*TASK ITEM:* Go through the listing below and retype exactly the lines starting at the one with "GrootMade is NOT" and ending at the one with "为深入推进第17个全国防灾减", skipping pictures.

*SOURCE DATA:*
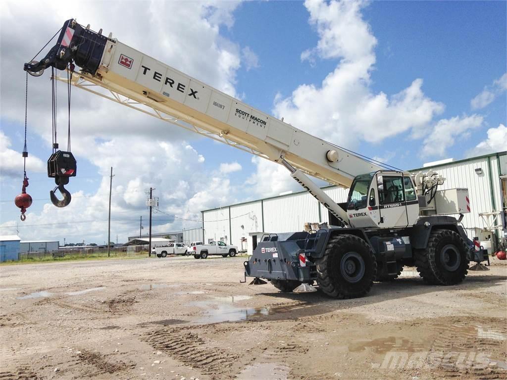 Description: Used 55-ton capacity 2012 Terex RT555-1 rough terrain crane available for sale or rent,. Comes equipped with standard features including but not limited to: 110' max boom, 57' max jib, 7-ton capacity overhaul ball with hook latch, hook block, and more. Contact us for additional details and pricing.
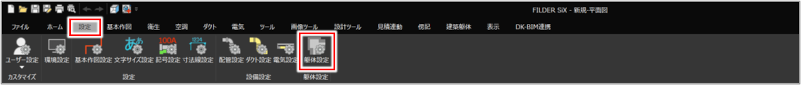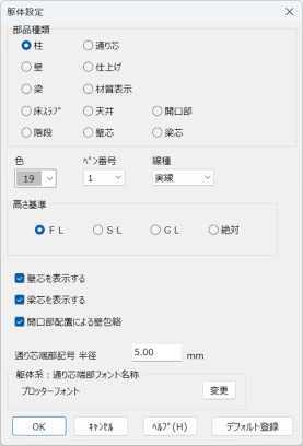 躯体作図時の、躯体部品の色、ペン番号、線種、包絡処理の有無を設定します。
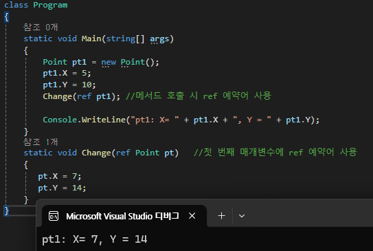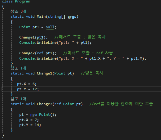 따라서 Change 메서드 내에서 vt의 변수 값을 변경하는 것은 원래의 v1 변수에 영향을 미치지 않는다. 반면 참조 형식을 메서드에 전달하는 경우를 예시로 든다.
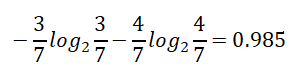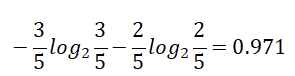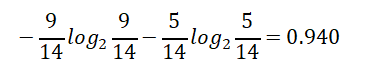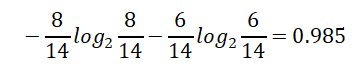 result = -9/14*math.log(9/14, 2) - 5/14*math.log(5/14, 2)
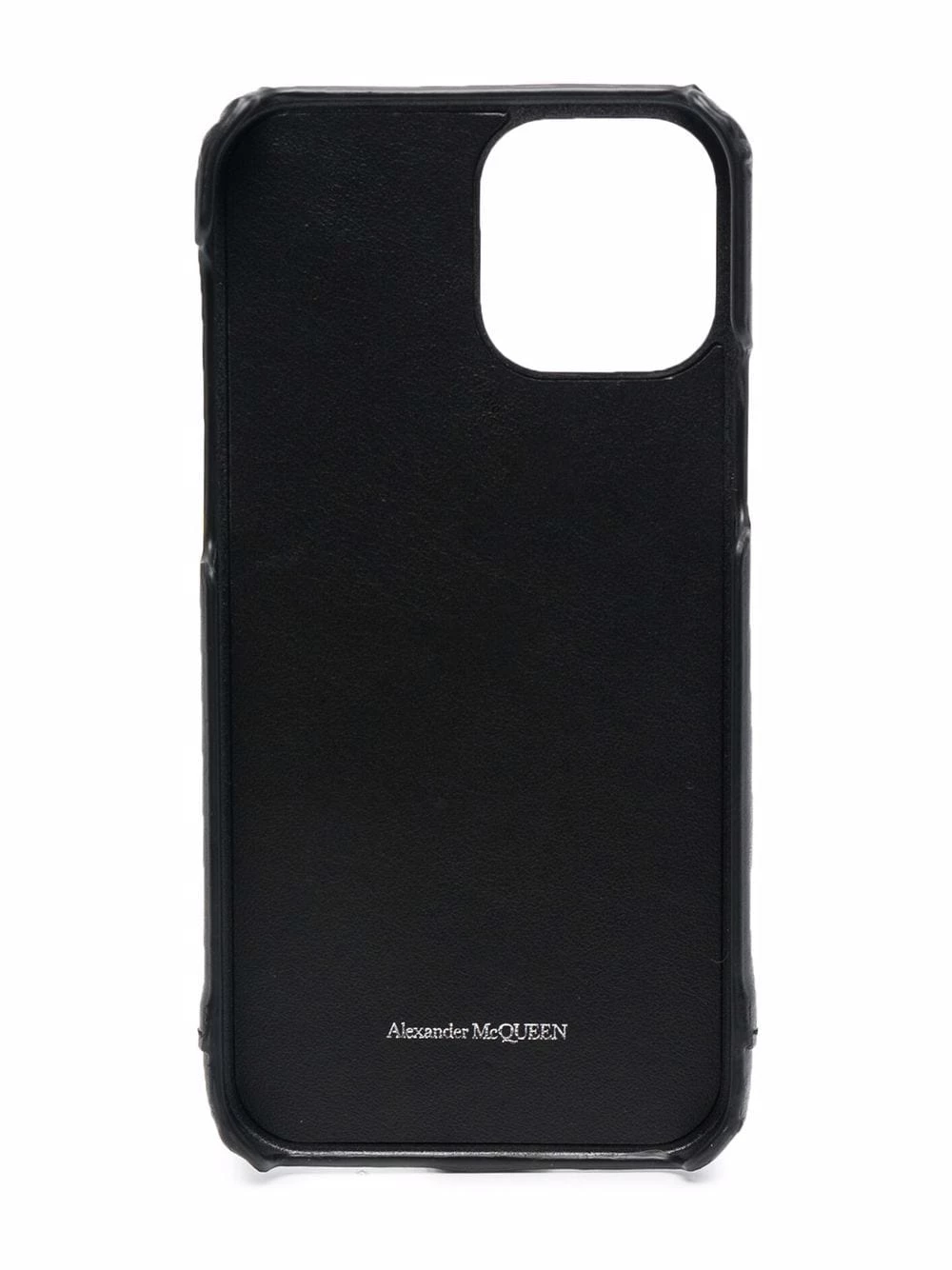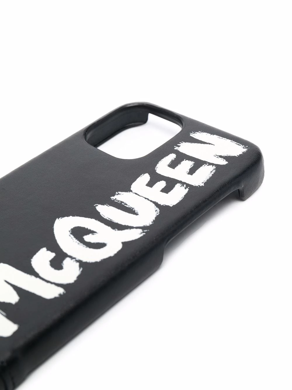 Alexander McQueen dresses up technology with this black leather iPhone 12 case. Decorated with a white graffiti style logo print, this accessory can also be held from a silver-tone ball chain attached to the case.
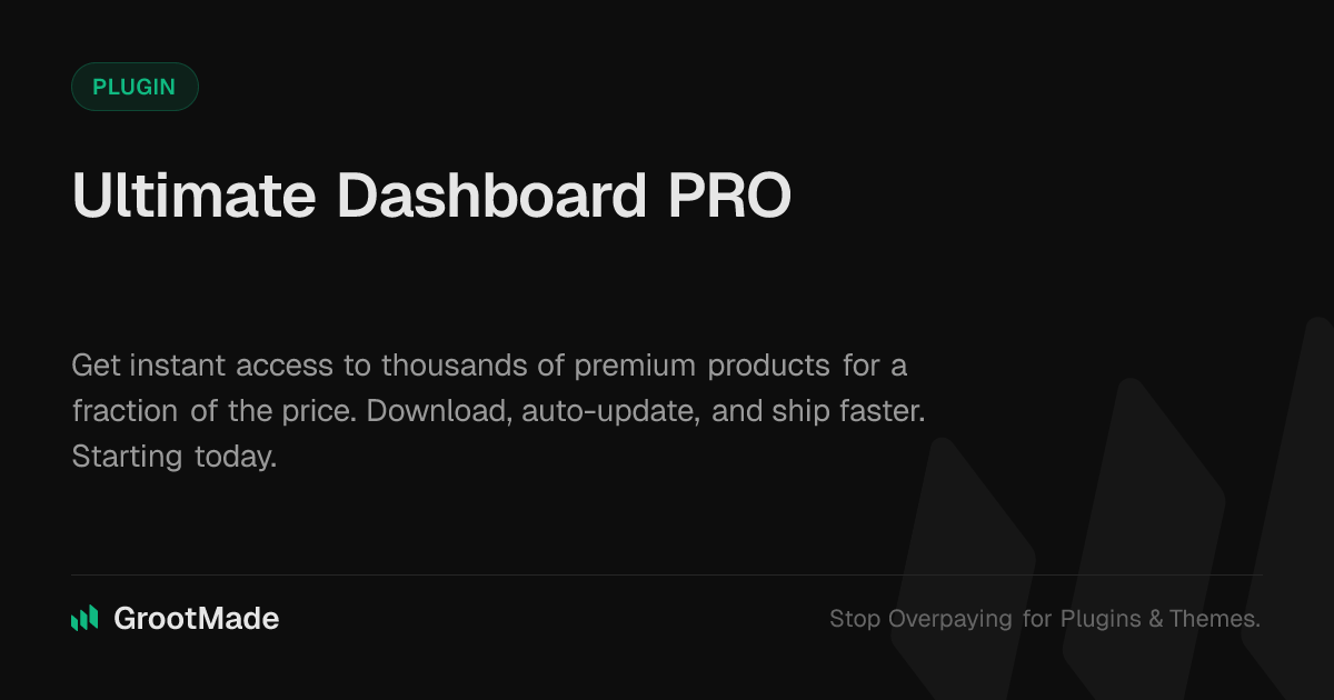 GrootMade is NOT affiliated with Ultimate Dashboard PRO or its original author. Ultimate Dashboard PRO™ is a trademark of its respective owner and use of it does not imply any endorsement or affiliation. This product has been forked under the GNU General Public License (GPL) and all non-GPL assets (such as proprietary images, fonts, and branding) have been removed. Distributing GPL-licensed code is 100% legal.
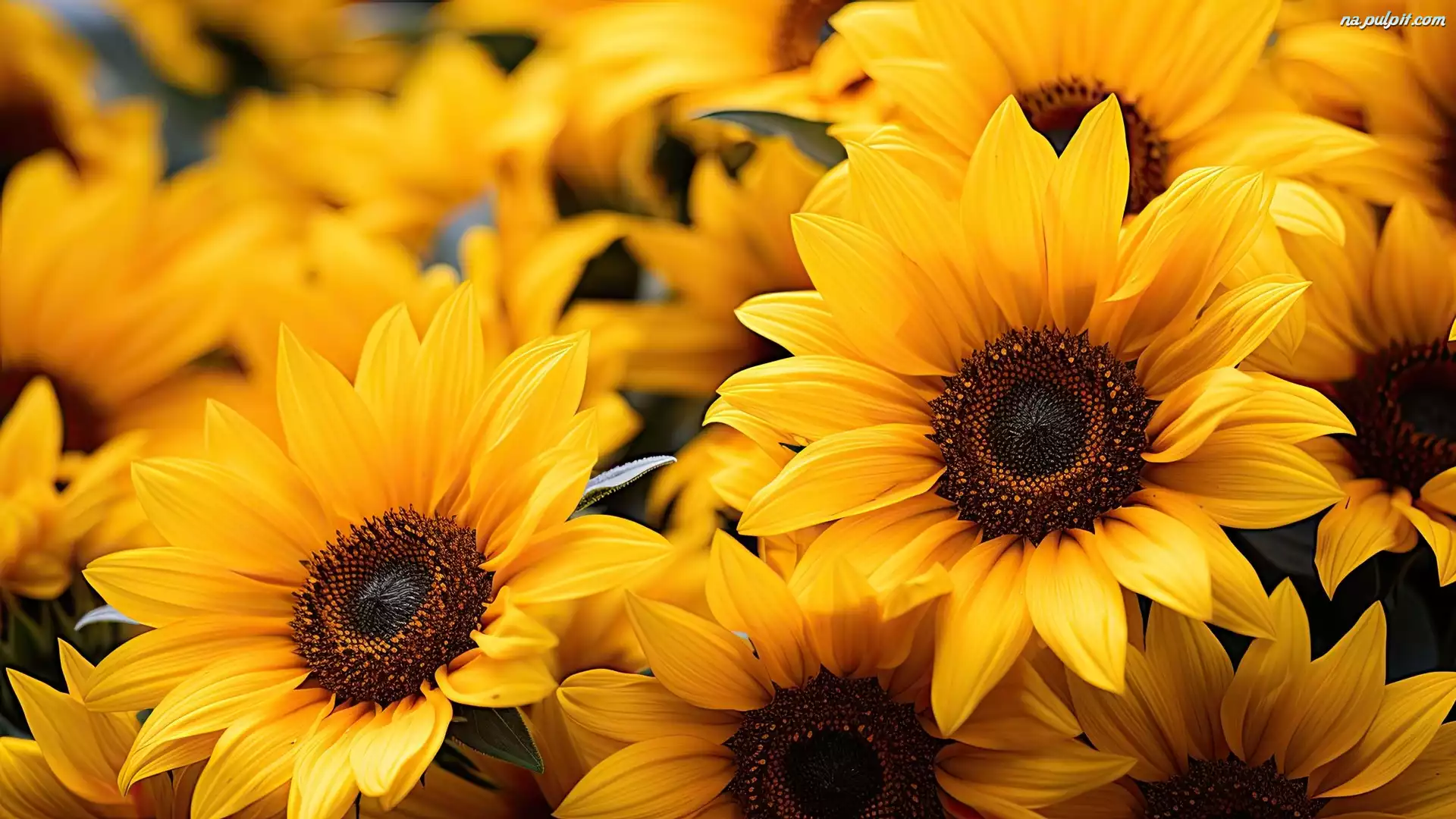 Słoneczniki, Kwitnące, Zbliżenie Na Pulpit
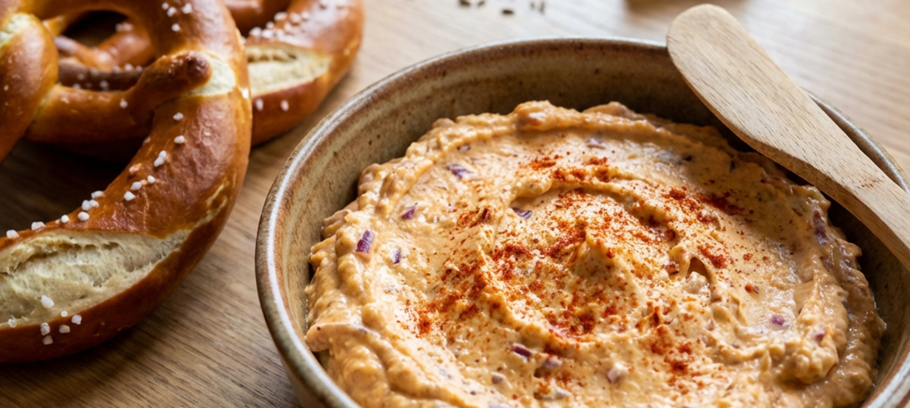 Noch besser schmeckt der vegane Obazda, wenn er schon einen Tag im Kühlschrank durchziehen konnte.
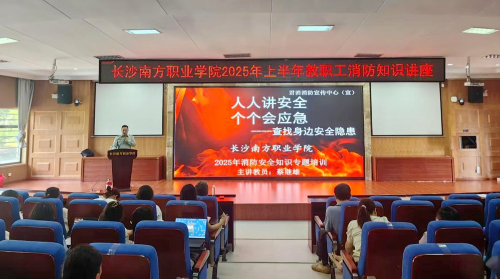 为深入推进第17个全国防灾减灾日活动开展,进一步增强教职员工防灾减灾意识,提升应急避险和自救互救能力,筑牢学校防灾减灾安全防线,5月13日下午,学???025年上半年教职工消防安全知识培训和灭火演练,本次培训特邀长沙市君消消防宣传中心蔡继雄教官来校授课,全校教职工及校内相关经营单位职工参加。
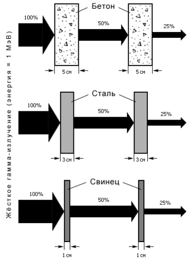 Так в физике защиты от излучений называют толщину того или иного материала, после прохождения которого интенсивность гамма-излучения уменьшается наполовину. Полного поглощения гамма-излучения (с энергией ниже 10 МэВ) в веществе не происходит, однако интенсивность потока гамма-квантов ослабляется по экспоненциальному закону, в точности такому же, как закон радиоактивного распада. При этом роль периода полураспада играет слой половинного ослабления. Для жесткого гамма-излучения с энергией квантов 1 МэВ толщина этого слоя составляет 5 см бетона, 3 см стали или 1 см свинца. Если необходимо уменьшить интенсивность опасного гамма-излучения в миллион раз, то потребуется свинцовый экран толщиной 20 см либо бетонная стенка метровой толщины (220 примерно равно 106). 10 см свинца ослабляют жесткое излучение в тысячу раз. Для сравнения: альфа-излучение с энергией 1 МэВ практически полностью поглощается алюминиевой фольгой толщиной 5 микрон, а для поглощения бета-радиации с такой же энергией достаточно 1,6 мм алюминия.
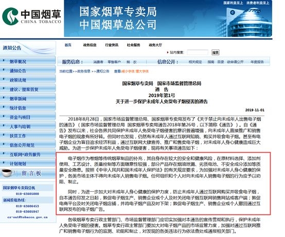 烟草专卖局、国家市场监督管理总局发布《关于进一步保护未成年人免受电子烟侵害的通告》。《通告》明确规定,各类市场主体不得向未成年人销售电子烟。任何组织和个人对向未成年人销售电子烟的行为应予以劝阻、制止。
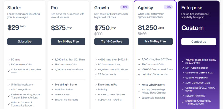 Starting at just $0.08 per minute, Synthflow offers a pay-as-you-go model. Need higher volume? Custom enterprise packages are available.
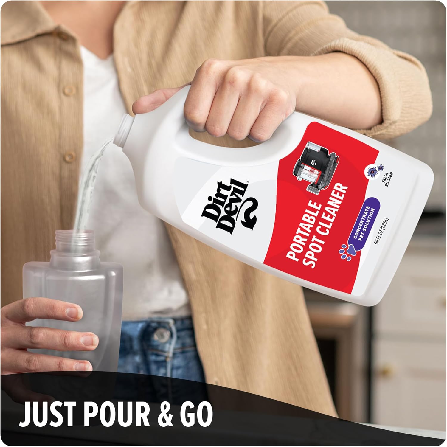 Dirt Devil Pet Portable Spot Cleaner Solution, 64 oz., Fresh Blossom Scent, Upholstery and Carpet Shampoo Solution, Eliminates Pet Messes and Odors, Pair with Dirt Devil Portable Spot Cleaners
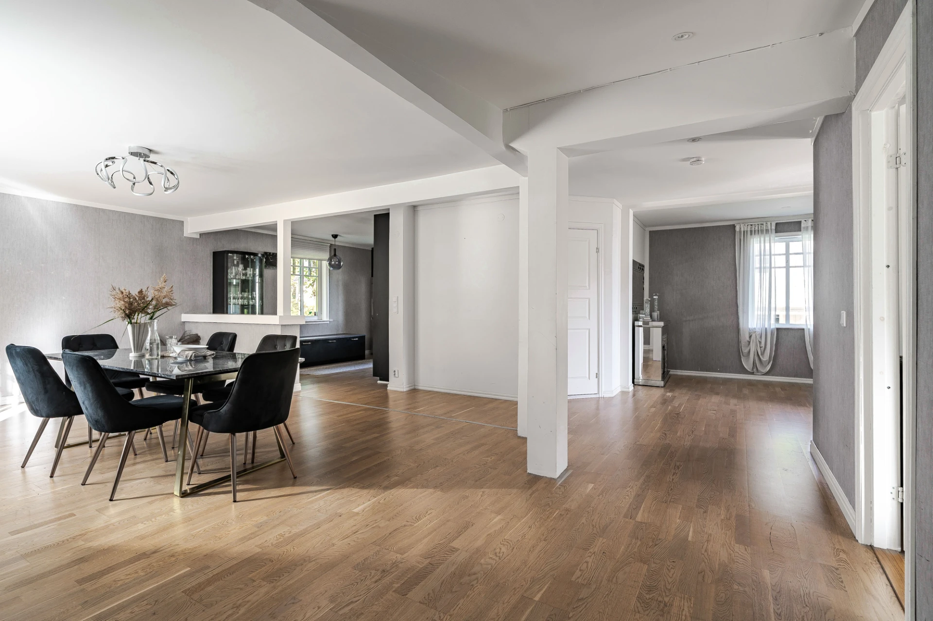 Parkettgolv och ljusgrå väggar. Här finns plats för soffa med tillhörande möblemang samt matbord.
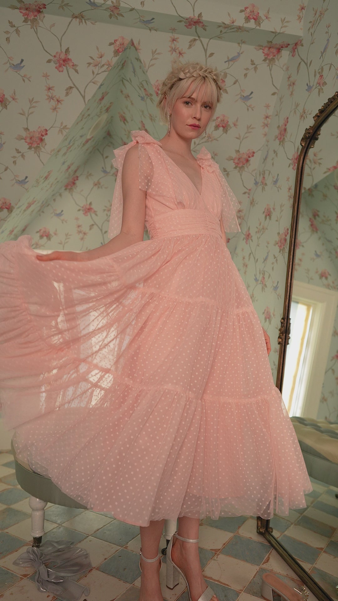 The Jeanne Dress Pink by JessaKae is a Pink A-line, Empire waist, Flared, and Tiered style Midi dress with a sculpted V-neck and Plunge neckline and feminine Sleeveless sleeve.
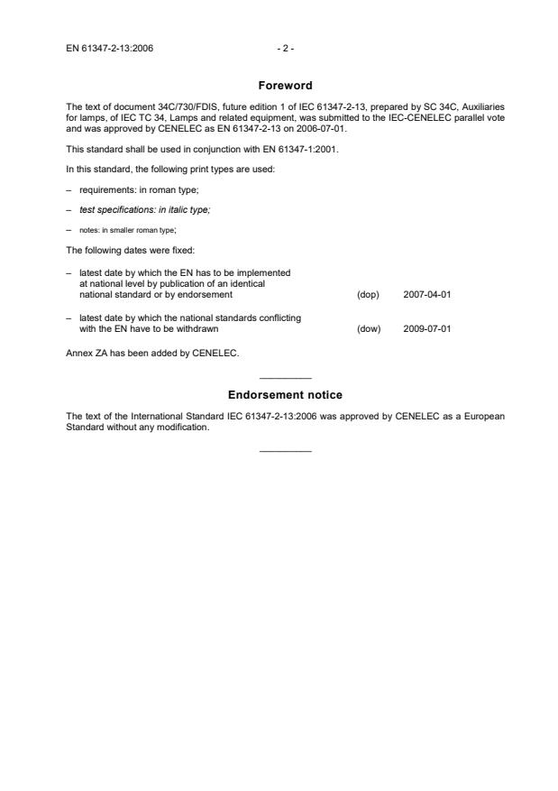 Ref. No. EN 61347-2-13:2006 E

*TASK SOLUTION:*
 GrootMade is NOT affiliated with Ultimate Dashboard PRO or its original author. Ultimate Dashboard PRO™ is a trademark of its respective owner and use of it does not imply any endorsement or affiliation. This product has been forked under the GNU General Public License (GPL) and all non-GPL assets (such as proprietary images, fonts, and branding) have been removed. Distributing GPL-licensed code is 100% legal.
 Słoneczniki, Kwitnące, Zbliżenie Na Pulpit
 Noch besser schmeckt der vegane Obazda, wenn er schon einen Tag im Kühlschrank durchziehen konnte.
 为深入推进第17个全国防灾减灾日活动开展,进一步增强教职员工防灾减灾意识,提升应急避险和自救互救能力,筑牢学校防灾减灾安全防线,5月13日下午,学???025年上半年教职工消防安全知识培训和灭火演练,本次培训特邀长沙市君消消防宣传中心蔡继雄教官来校授课,全校教职工及校内相关经营单位职工参加。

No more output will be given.